Ridouts currently has conduct of almost a dozen cases concerning this issue – some of which are heading to the Tribunal. Our views and concerns about the validity and application of the guidance is widely known but to have inspection staff “on the ground” conveying inaccurate information and making decisions about providers’ businesses is wholly unacceptable. Individual inspectors are discouraging growth because a proposed service doesn’t fit with their outdated and misguided interpretation of the guidance. They offer providers no information about what a provider must submit in order to prompt the CQC’s “discretion”. The whole issue is a game of roulette.
Providers ought to be able to rely on a uniform approach where all inspectors have the same level of expertise and can exercise the same level of understanding and reasonableness when making decisions. Unfortunately, individual personalities, skillsets and degrees of diligence mean that interactions and subsequent reports / decisions from the CQC are inconsistent.
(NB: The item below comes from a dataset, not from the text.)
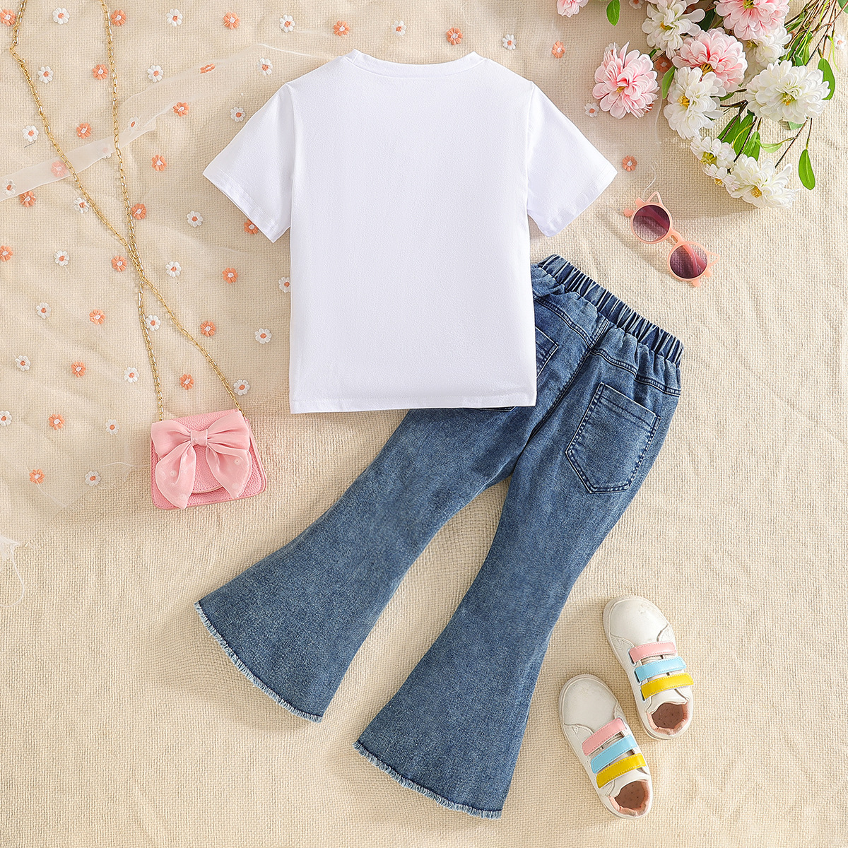 여아 정장 여름 신작 반팔 레터 프린트 티셔츠 슬림 데님 바지 투피스 세트 서양식 아동복스토어 가기

This is having an enormous impact on the health and social care sector where services are closing down because they can no longer take the unfairness of a system that is geared against them and that appears to be intent on limiting growth.
In the very near future we will wonder why there aren’t enough services for people with learning disabilities that need care but want to live in the community or beds for vulnerable older people that can no longer safely live in their own homes. I hope the CQC realises the impact that it has and that it must acknowledge that it has a responsibility to providers as well as service users. The CQC could be a force for good, advising and encouraging good care and identifying positive examples in the sector. Instead it has morphed into a press machine desperate to show the public that it can flex its muscles to take enforcement action against “poor providers”. Whilst the cause is admirable, the reality is that decisions are being based on unreliable evidence that is being gathered by a staff team that is inconsistent and who cannot guarantee a fair or impartial approach.